# Requirement
Retype, exactly as they stand, the lines from the start of the data to the line that contains "画像を使って交通ルールや事故", both ends included. Leave the pictures out.

# Available data
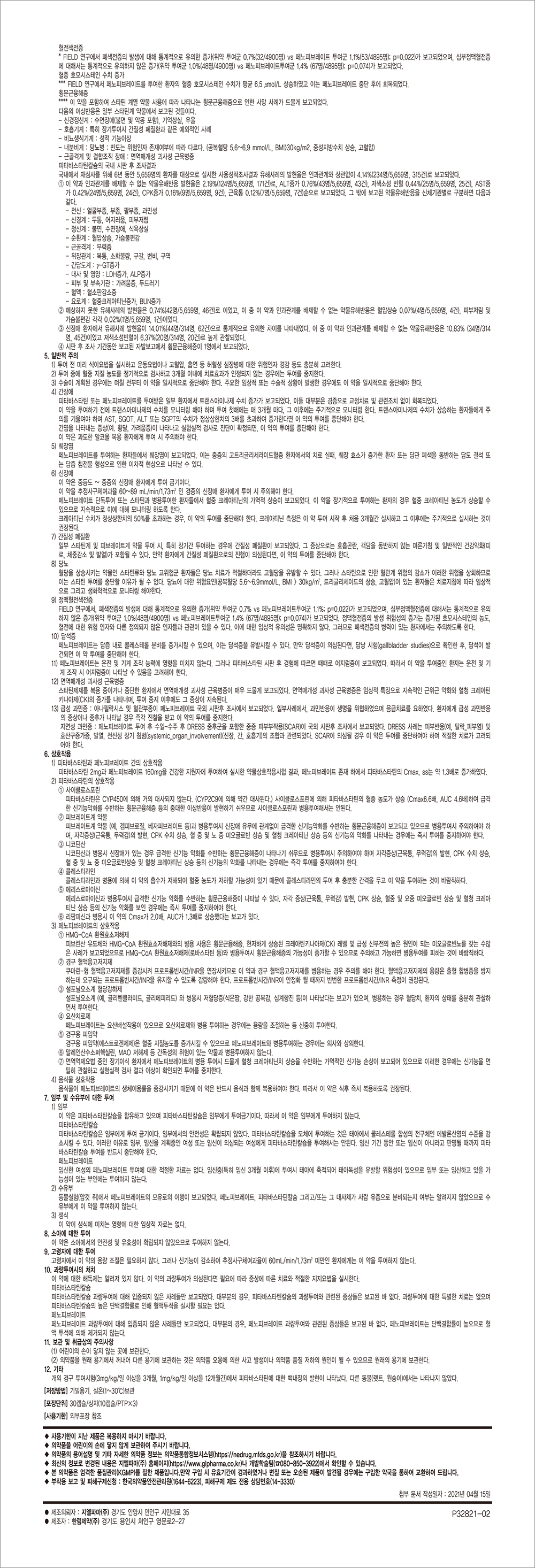 01) 피타바스타틴과 페노피브레이트 간의 상호작용 : 피타바스타틴 2mg과 페노피브레이트 160mg을 건강한 지원자에 투여하여 실시한 약물상호작용시험 결과 페노피브레이트 존재 하에서 피타바스타틴의 Cmax, ss는 약 1.3배로 증가하였다.
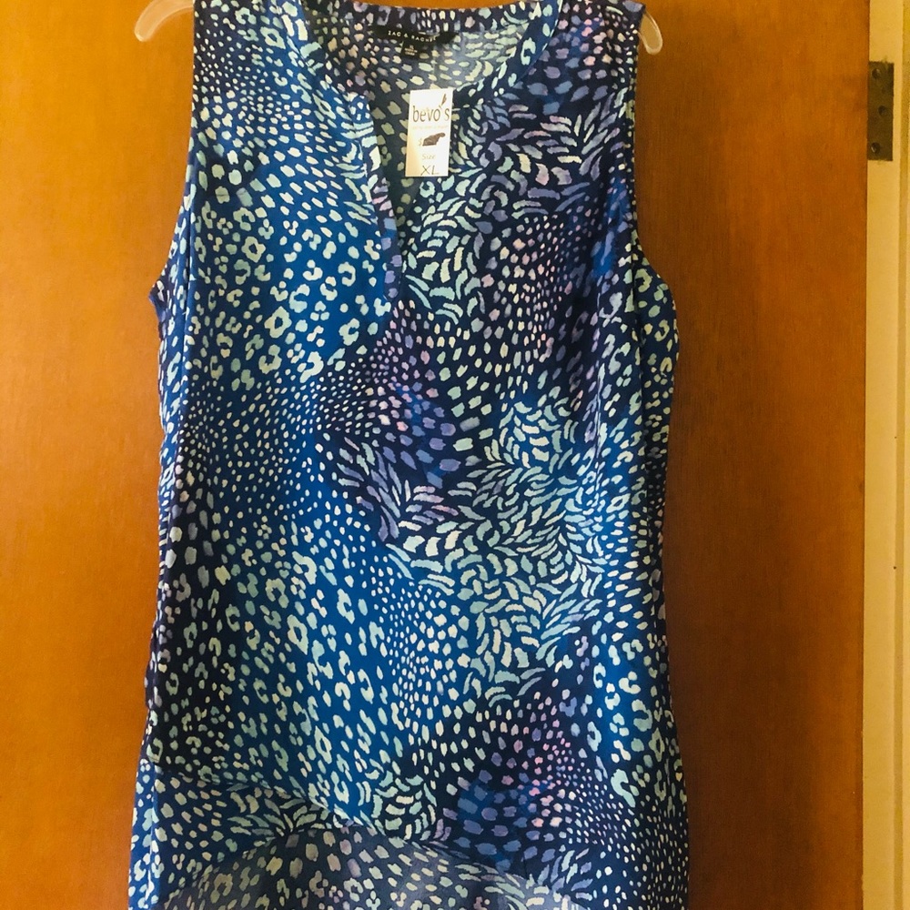 Lovely multi colored tunic tank. Pairs nicely with white, teal, or navy.
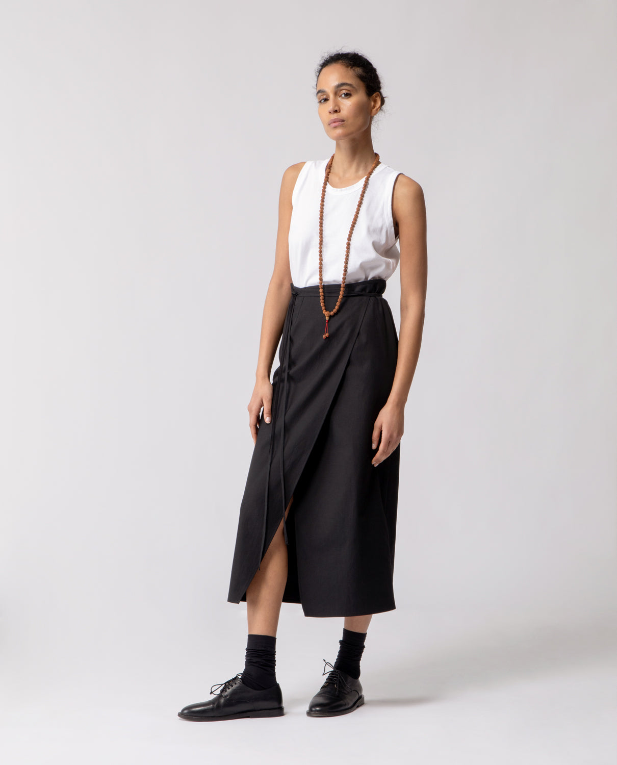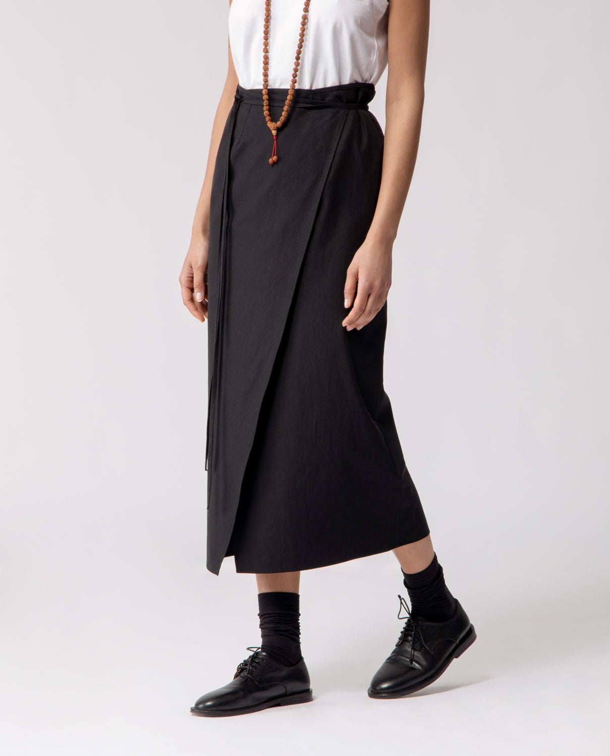 Wrap linen skirt with a slim, pencil silhouette, designed with a long tie fastening at the waist for an adjustable fit.
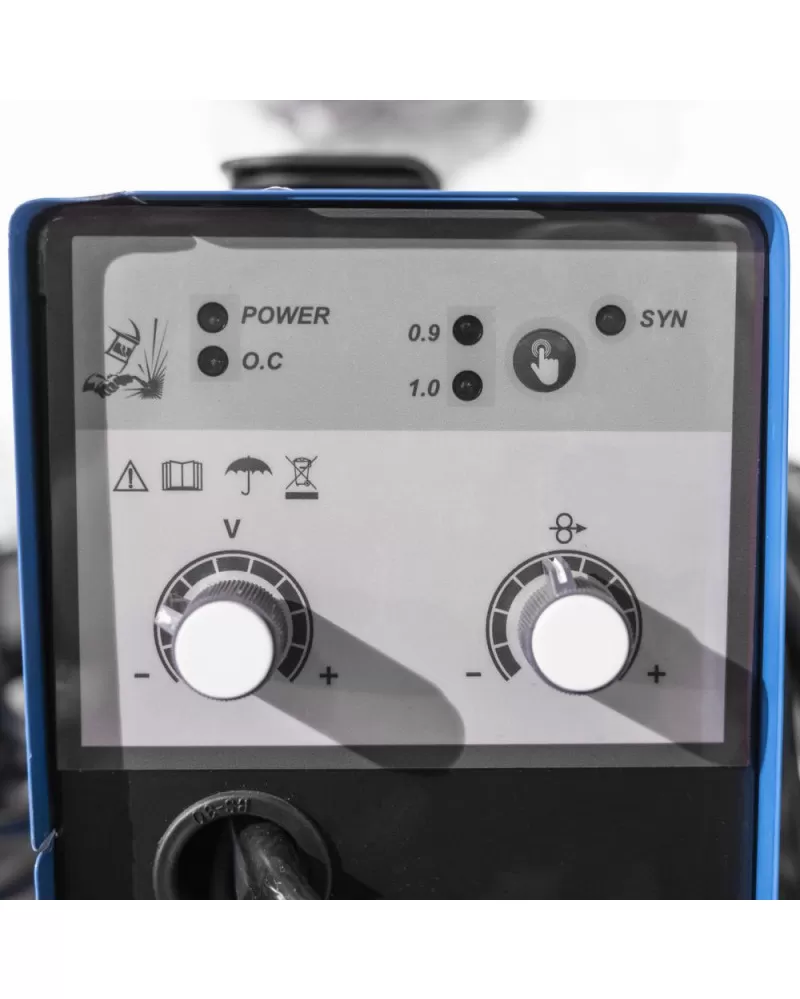 Invertorová svářečka pro svařování trubičkovým drátem do tloušťky 0,9 mm (malá cívka). Plášť z ocelového plechu s práškovým nástřikem.
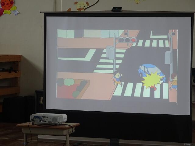 画像を使って交通ルールや事故の原因になりやすい事例などについて、わかりやすく説明していただきました。
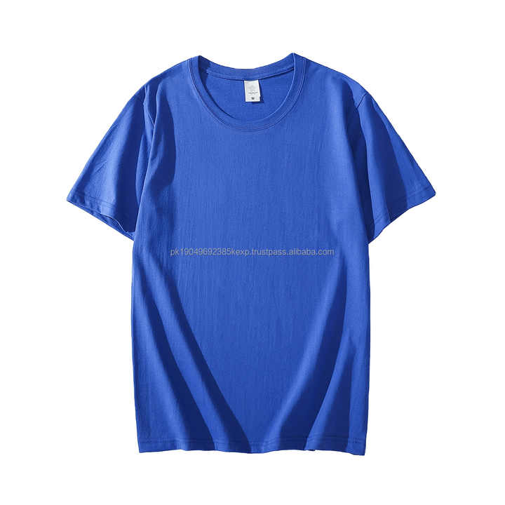 เสื้อยืดพิมพ์ลายพื้นสำหรับผู้ชายและผู้หญิงเสื้อยืดผ้าฝ้ายสีฟ้าสีดำสีขาวปรับแต่งได้100%
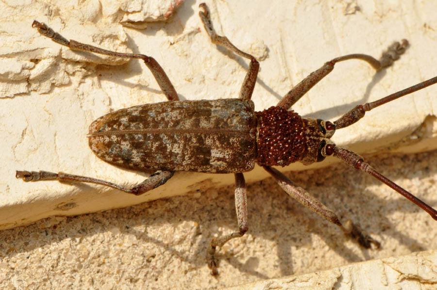 Pine Sawyer (Monochamus carolinensis) TEXAS: Jasper Co; jct TX 63 and FM R255 - May 2011 (red "beads" on thorax are mites)
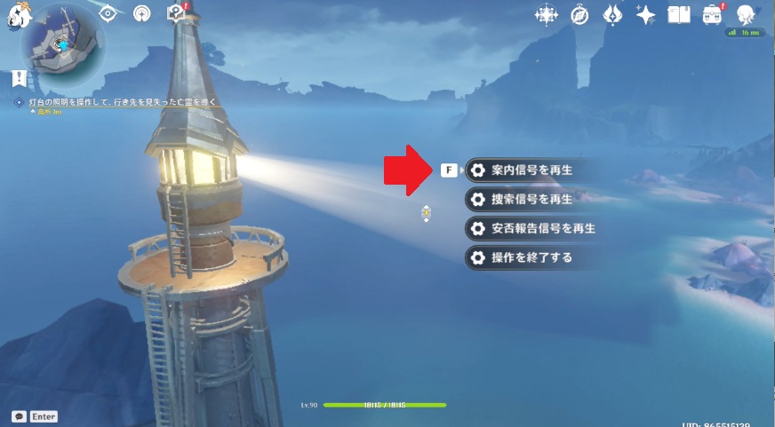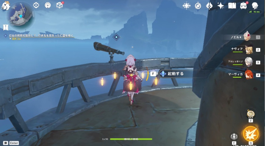 2.会話終了後、マーカーポイントの灯台に登り双眼鏡に近づいて「起動する」を選択します。
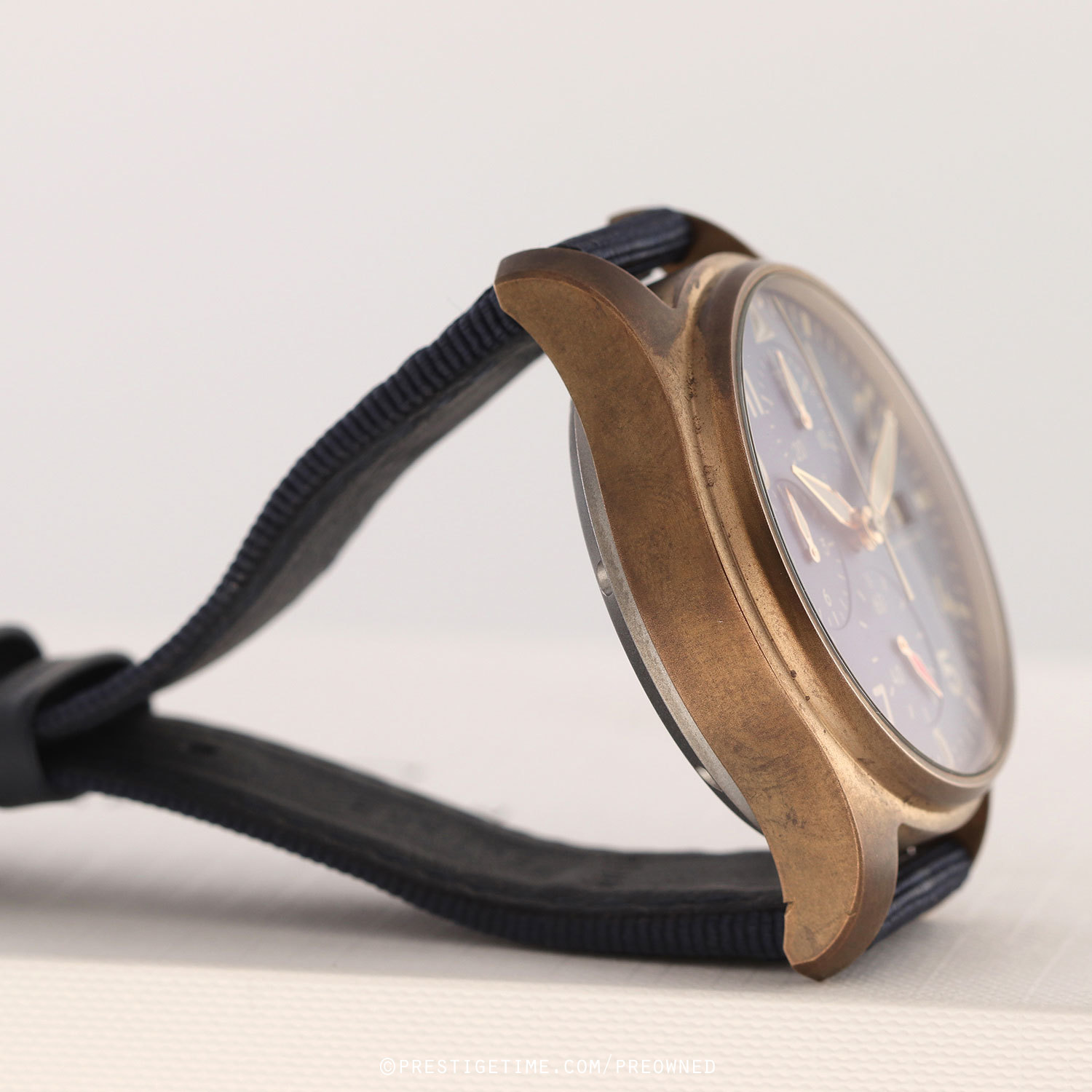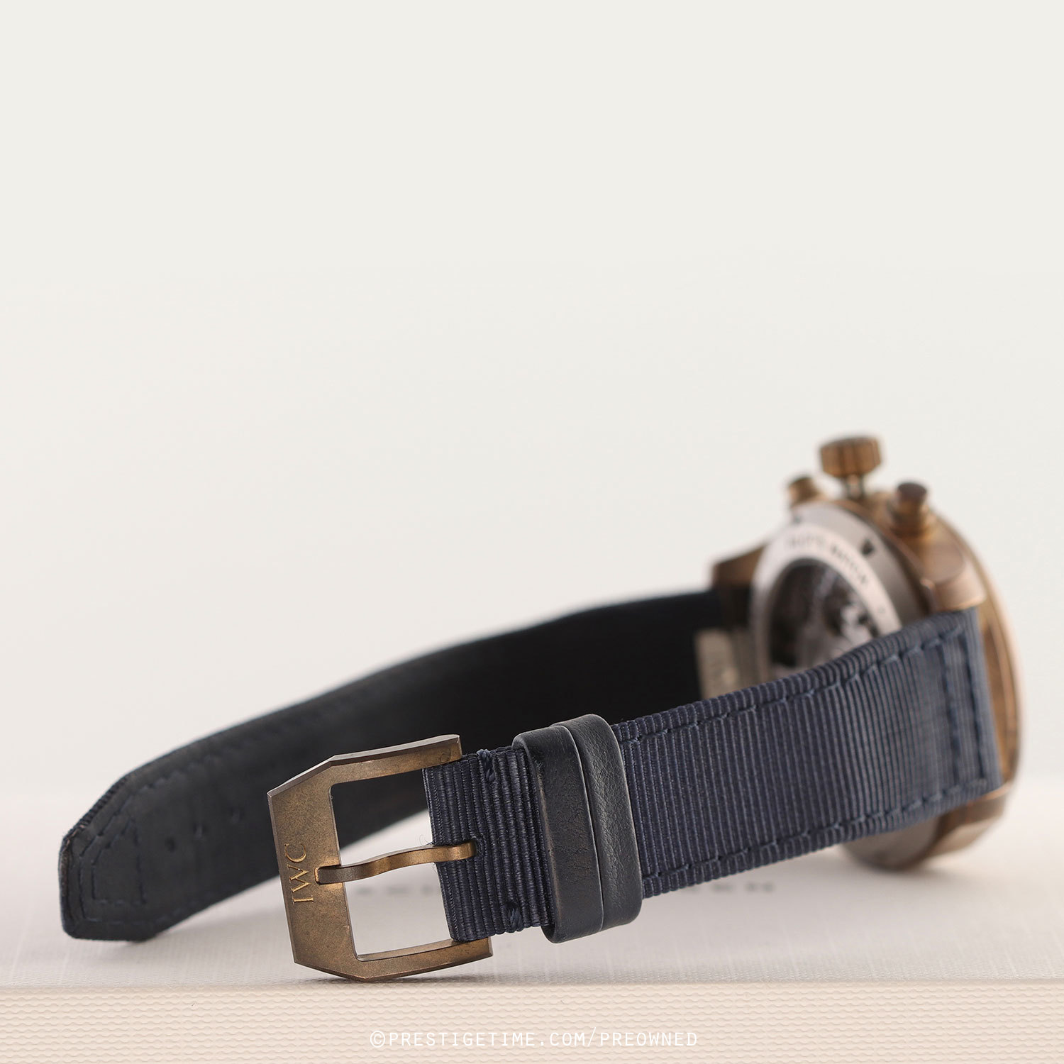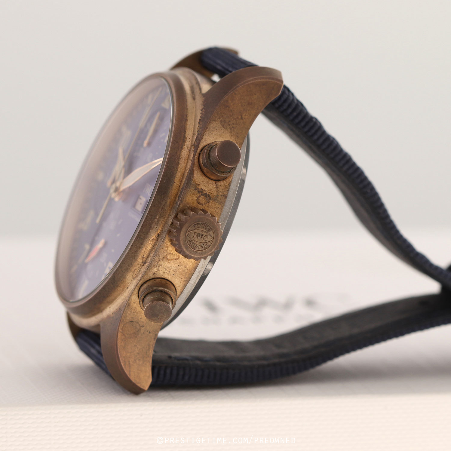 Strap: Fitted on its original IWC blue fabric strap with a bronze deployant buckle.
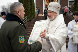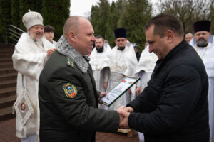 За богослужением молились начальник Гомельской пограничной группы полковник Винников Дмитрий Александрович и личный состав погрангруппы.

# Solution to the exercise
 01) 피타바스타틴과 페노피브레이트 간의 상호작용 : 피타바스타틴 2mg과 페노피브레이트 160mg을 건강한 지원자에 투여하여 실시한 약물상호작용시험 결과 페노피브레이트 존재 하에서 피타바스타틴의 Cmax, ss는 약 1.3배로 증가하였다.
 Lovely multi colored tunic tank. Pairs nicely with white, teal, or navy.
 Wrap linen skirt with a slim, pencil silhouette, designed with a long tie fastening at the waist for an adjustable fit.
 Invertorová svářečka pro svařování trubičkovým drátem do tloušťky 0,9 mm (malá cívka). Plášť z ocelového plechu s práškovým nástřikem.
 画像を使って交通ルールや事故の原因になりやすい事例などについて、わかりやすく説明していただきました。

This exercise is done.